Trato adelante sobre las denominaciones “trabajo doméstico” y “trabajo de cuidados”. Cabe apuntar que las categorías nativas refieren a “empleo” y “empleada doméstica”. Sin embargo, el uso de la denominación “trabajo de cuidados” busca recoger las reflexiones de autoras feministas que llaman la atención sobre la falsa dicotomía entre trabajos de producción –como aquellos que se realizan exclusivamente en el mercado-– y trabajos de reproducción -como aquellos exclusivos del ámbito doméstico y, con ello, de los roles atribuidos a las mujeres- (Cf. Vega y Gutiérrez, 2014).
La extranjería de estos empleadores abre espacio a relativizar la importancia de una matriz cultural local (montevideana o uruguaya) como factor de actitudes discriminatorias o incluso racistas, no obstante argumentaré más adelante que esta matriz opera, al menos en ciertos grupos sociales locales. Anótese en todo caso, que no se trata de enlazar pertenencias nacionales a rasgos culturales más o menos homogéneos y, mucho menos, de enteder a toda la sociedad uruguaya sin diferencias actitudinales entre grupos de estatus o clases en sentido socioeconómico más estricto.
Cabe referir que el grupo Mujeres Sin Fronteras tiene sus antecedentes en un espacio de encuentro periódico, en el marco de la colaboración como abogada de Valeria España con Cotidiano Mujer.
Sigo las reflexiones de Rita Segato (2002) sobre construcciones históricas de alteridades y su convergencia con las retóricas contemporáneas sobre identidad y procesos de globalización.
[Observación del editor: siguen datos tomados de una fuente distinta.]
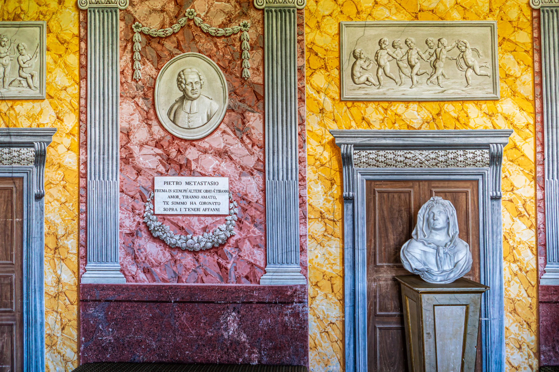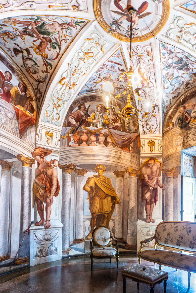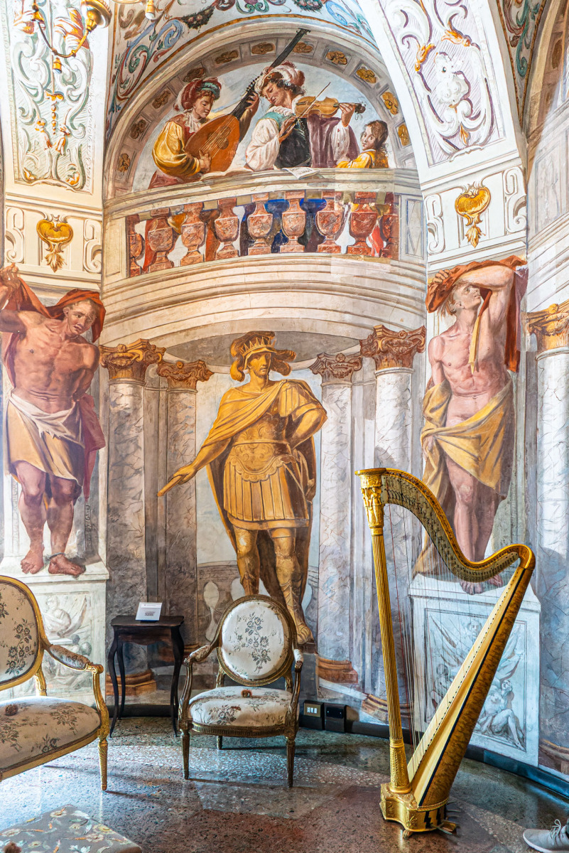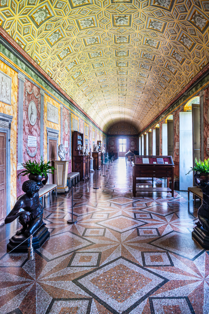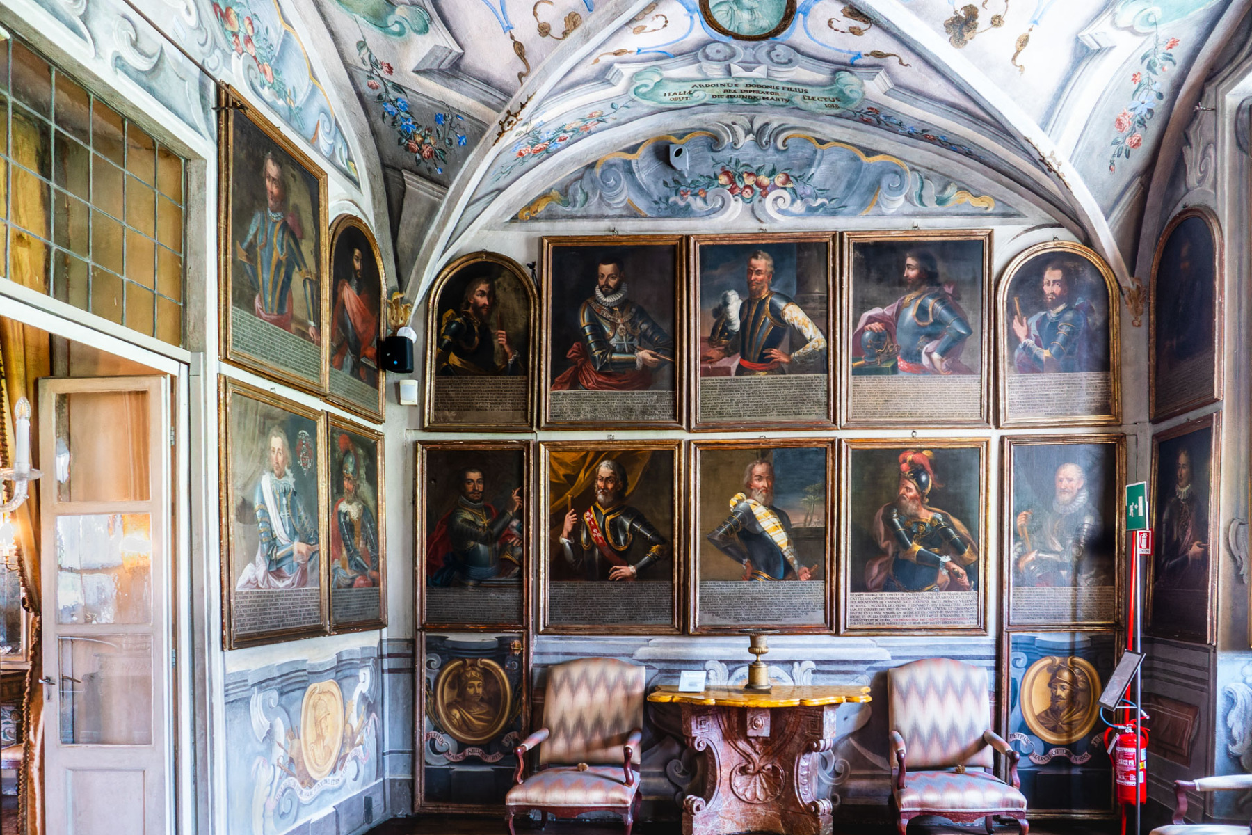 Un altro angolo affascinante è rappresentato dalla biblioteca e dalla galleria dei poeti, realizzate grazie all’abate Tommaso Valperga di Caluso. Qui, ritratti di grandi poeti, da Dante ad Alfieri, decorano le pareti, trasmettendo l’amore per la letteratura che ha permeato quei luoghi. Ogni figura è accompagnata da versi di lode scritti dal Valperga, creando un legame profondo tra arte e storia.
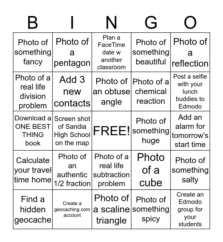 This bingo card has a free space and 24 words: Photo of an authentic 1/2 fraction, Create a geocaching.com account, Photo of an obtuse angle, Find a hidden geocache, Photo of a reflection, Photo of something fancy, Photo of a real life division problem, Photo of a pentagon, Photo of something huge, Photo of a real life subtraction problem, Photo of a chemical reaction, Download a ONE BEST THING book, Photo of a cube, Photo of something salty, Add 3 new contacts, Photo of something spicy, Add an alarm for tomorrow's start time, Plan a FaceTime date w another classroom, Post a selfie with your lunch buddies to Edmodo, Screen shot of Sandia High School on the map, Create an Edmodo group for your students, Calculate your travel time home, Photo of something beautiful and Photo of a scaline triangle.
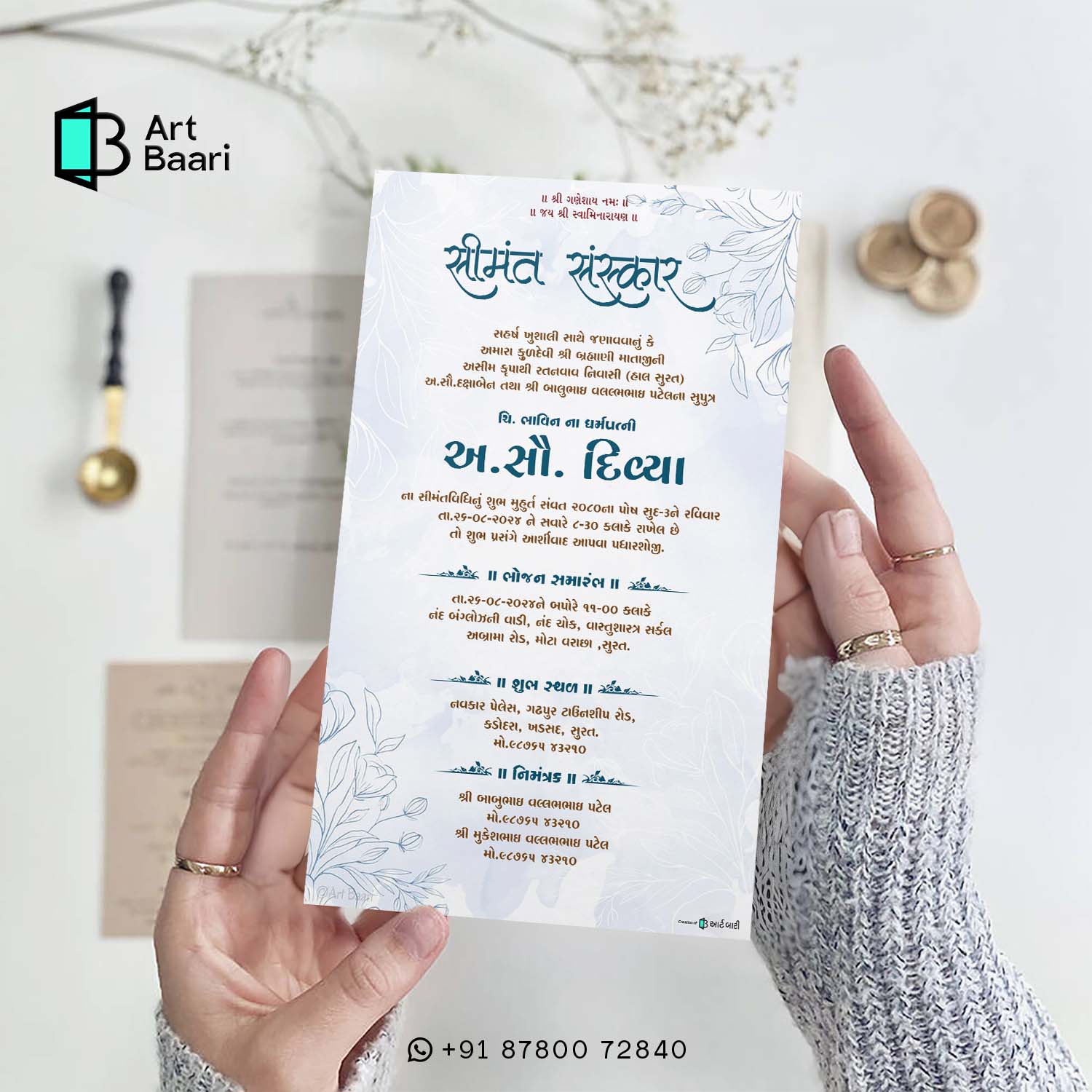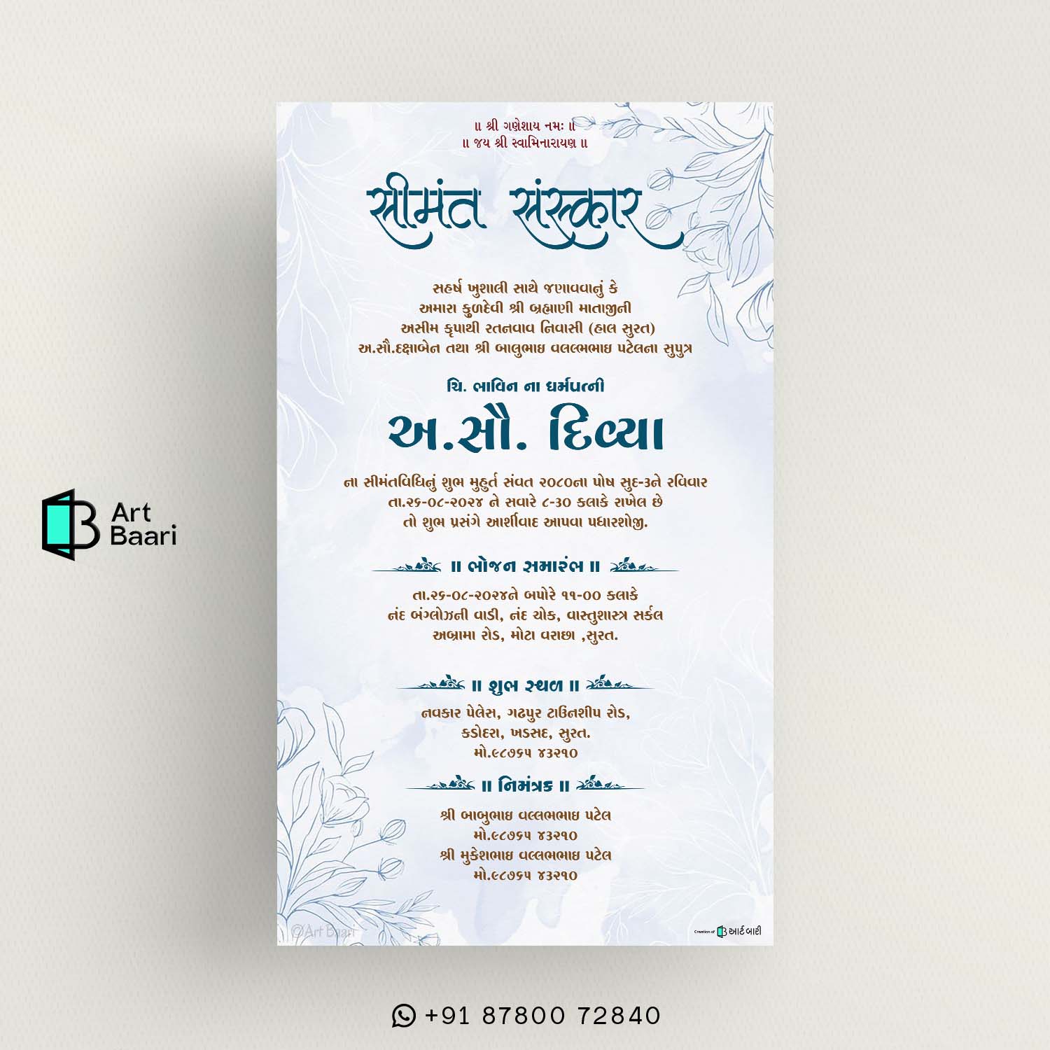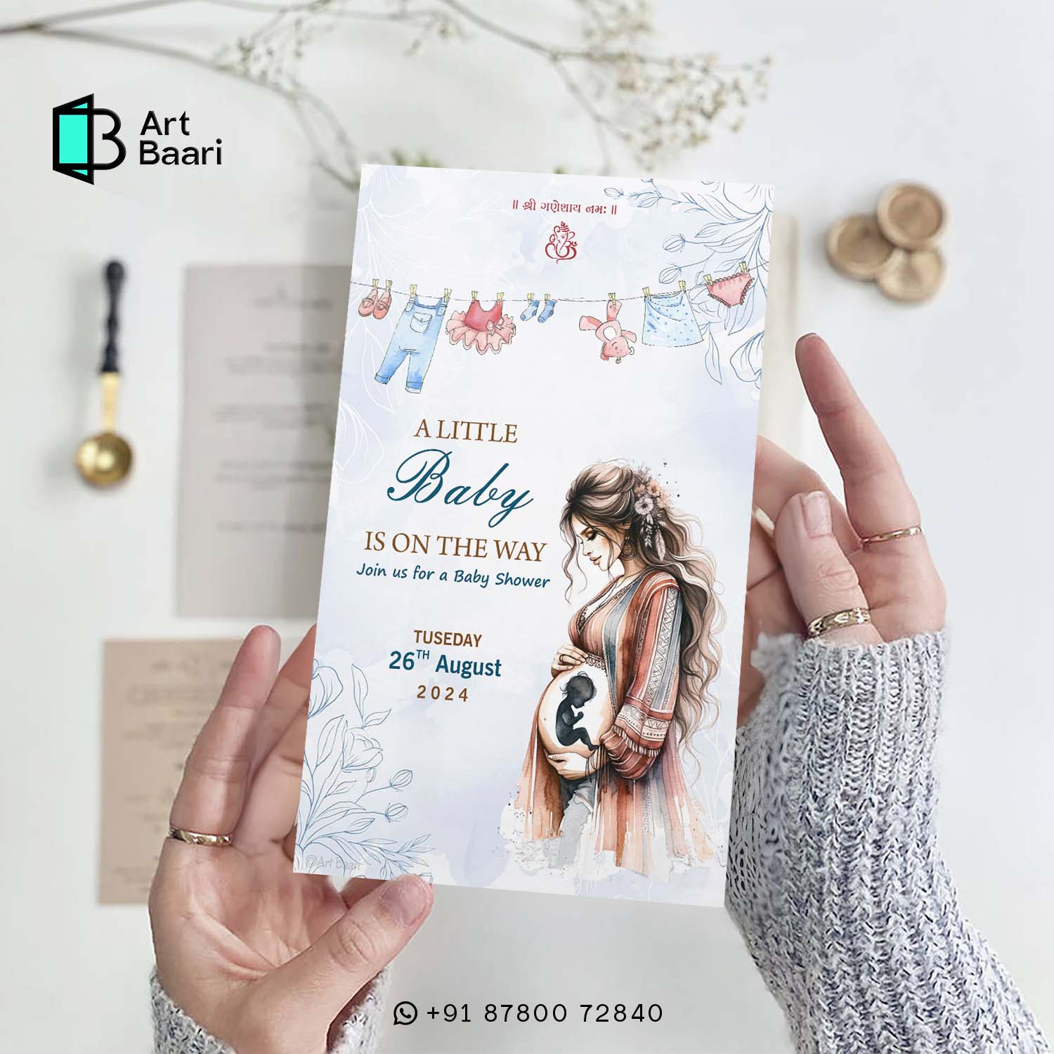 Gujarati Baby shower invitation || Indian Baby Shower || Digital E Invitation || Flower Clothe Woman water Color Theme Design – BSG40040
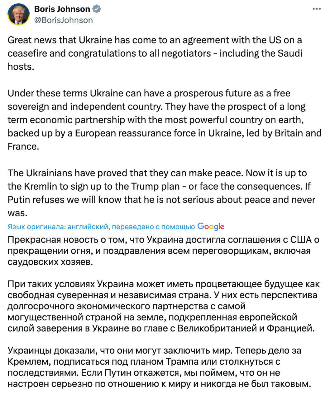"Украинцы доказали, что они могут заключить мир. Теперь дело за Кремлем, подписаться под планом Трампа или столкнуться с последствиями. Если Путин откажется, мы поймем, что он не настроен серьезно по отношению к миру и никогда не был таковым", - заявил Джонсон.
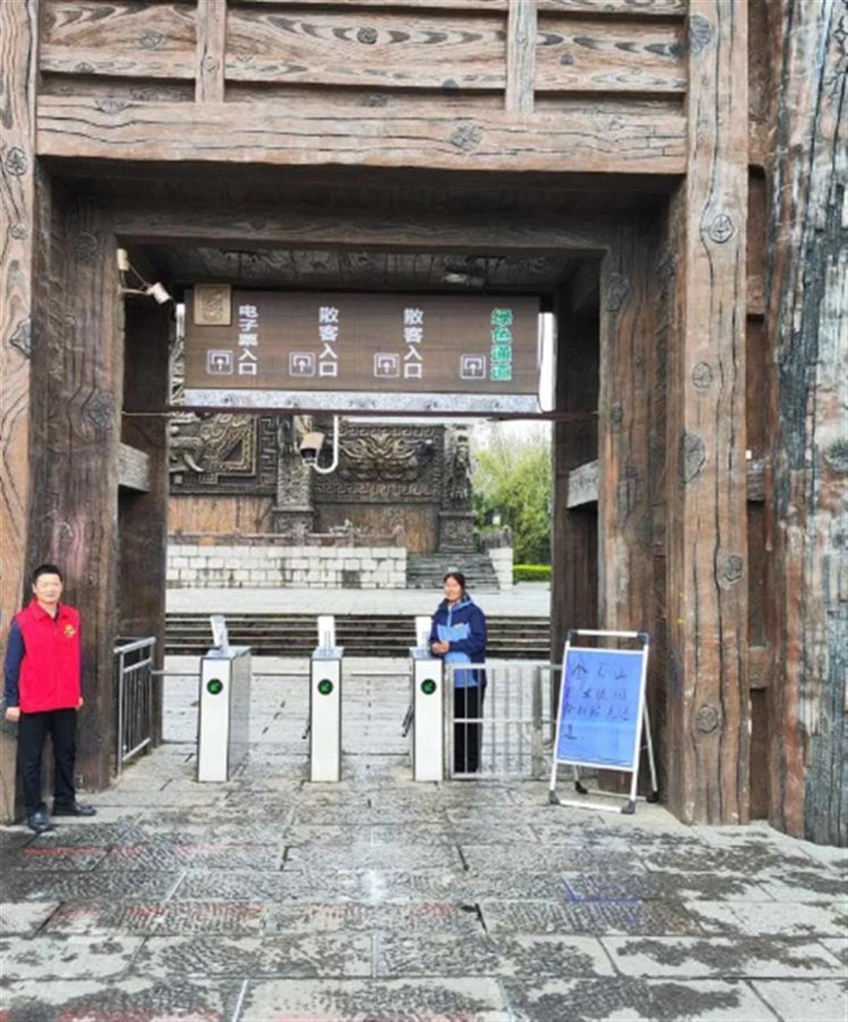 景区门前放置绿色通道提醒牌
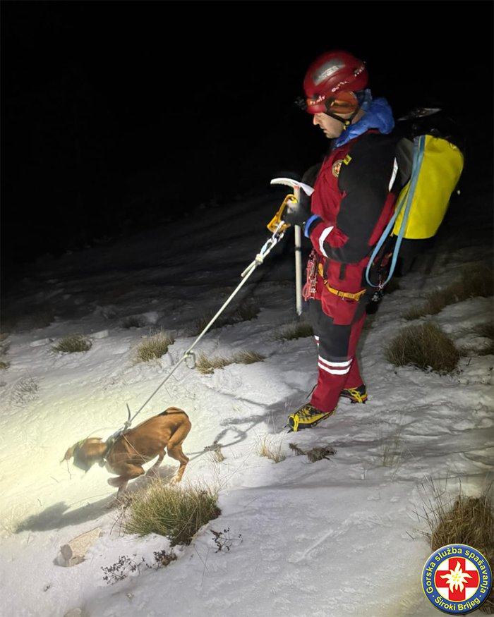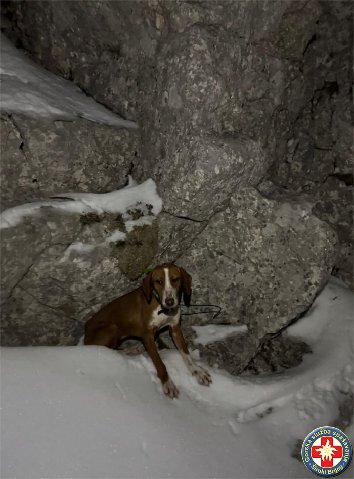 Prema informacijama koje je objavila služba, pas je u nedjelju pratio trag divlje životinje te je završio na zaleđenom terenu, odakle je skliznuo u strme, gotovo vertikalne stijene.
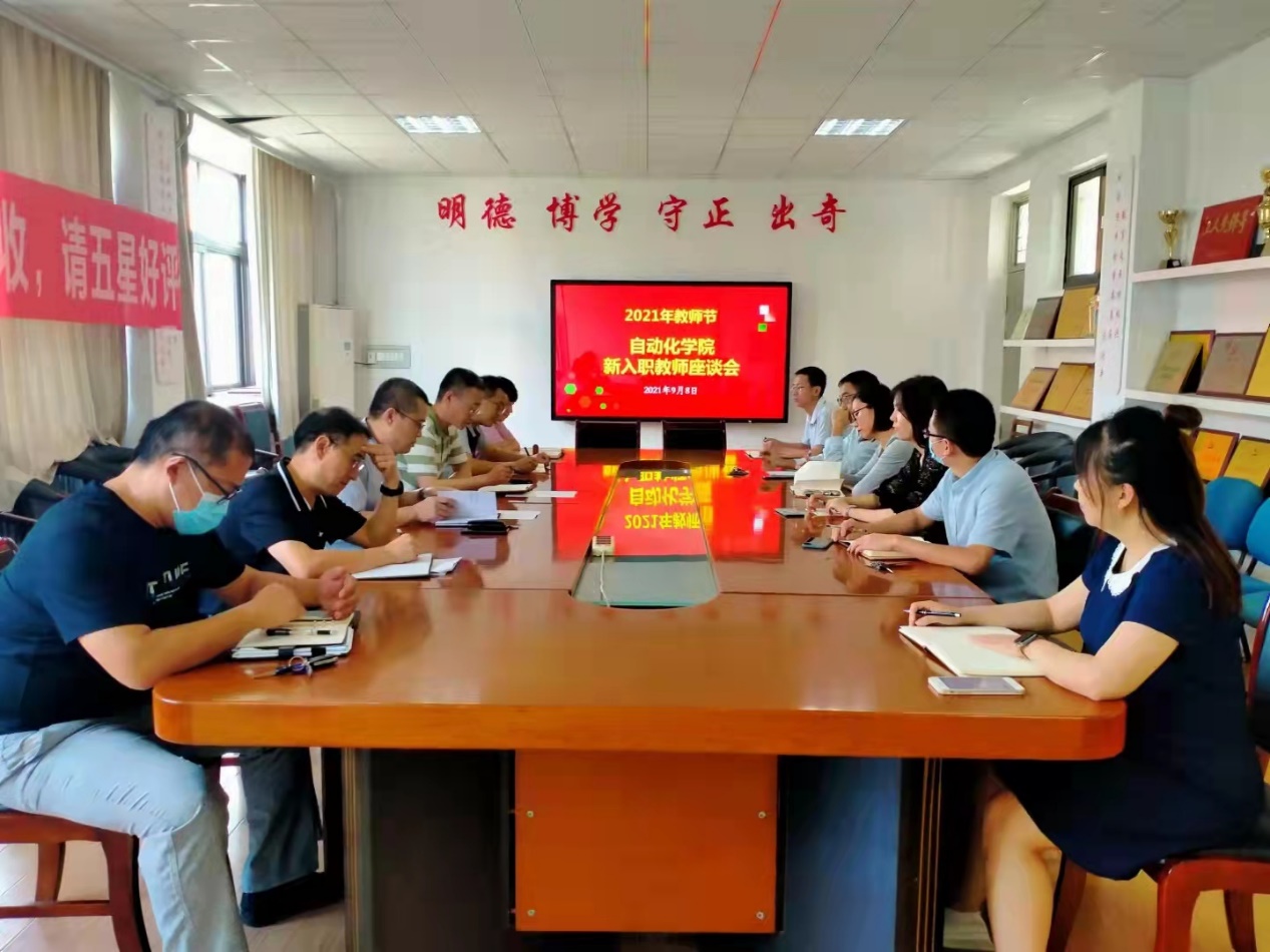 新闻网讯 9月8日下午,自动化学院在行思楼316会议室召开新入职教师座谈会。学院党委书记张新柏主持。2021年度校优秀教师、校服务育人先进个人代表、2021年度新入职教师参加座谈会。
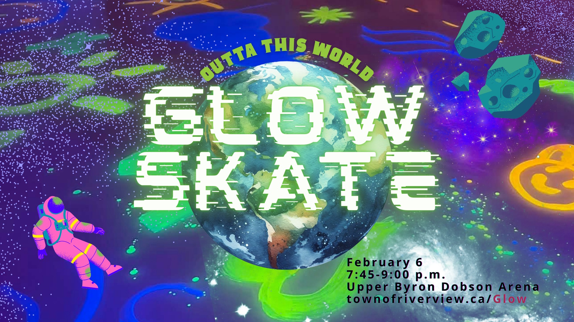 Event by Active Riverview and Town of Riverview 90 Biggs Dr, Riverview, NB E1B, Canada Duration: 3 hr Celebrate Riverview Winter Carnival by attending one of two 'Outta This World' family-friendly glow skates at: 6:00-7:30 p.m.or7:45-9:00 p.m. Enjoy skating under dazzling glow lights, vibrant neon colors, and themed music in a welcoming, family-friendly, all ages atmosphere. Whether you're gliding around the rink or just enjoying the space decor, it’s the perfect way to make memories and bond with loved ones Please note: CSA…

El trabajo de Alejandro Grimson (2006) me sirve en la argumentación sobre la analogía entre políticas de tratamiento de la diferencia en Argentina y Uruguay, así como las tensiones entre estas políticas históricamente configuradas y nuevas retóricas sobre identidad. Asimismo, sigo las reflexiones de Gustavo Lins Ribeiro (2008) sobre diversidad cultural en contextos como discursos de “fraternidad global”. Ver también Jardim (2013) y Jardim y López (2013).
En un panorama de relativa heterogeneidad social, históricamente algunos barrios montevideanos concentraron a la población obrera afincada en torno a las industrias, mientras que otros fueron predominantemente habitados por las clases medias y altas. La crisis del modelo de “sustitución de importaciones” y el aumento del valor del suelo en las áreas centrales, radicalizó esta separación geográfica. Los grupos medios y altos se concentrarón al este y sur de la ciudad, mientras el oeste y el norte de la ciudad concentraron a los grupos pobres y a la gran masa de población empobrecida por las sucesivas crisis. Se evidencia además un proceso de vaciamiento –y luego de gentrificación– de las áreas centrales. (Cf.: Veiga, Rivoir et alter, 2005); (Presidencia de la República, 2007).
Para una discusión sobre el concepto de agencia, su inserción en una cierta “teoría de la práctica” y las implicaciones con poder y desigualdad, ver Ortner, 2006.
Gomes (2002) entiende como “comercio étnico” los emprendimientos comerciales pertenecientes a migrantes. Lo característico no es el origen de los productos ofrecidos, sino la organización del negocio como un todo. En el caso de los varios restaurantes peruanos, de los que las diferentes interlocutoras son habituées, suele tratarse de emprendimientos familiares, enteramente gestionados por migrantes, a veces con recurso a mano de obra de la localidad de origen siempre en la lógica de redes transnacionales que se consolidan en la localidad de destino. De hecho, las mujeres los nombran por el nombre de su dueño o dueña y no por el que está visible al transeúnte ajeno a estas redes.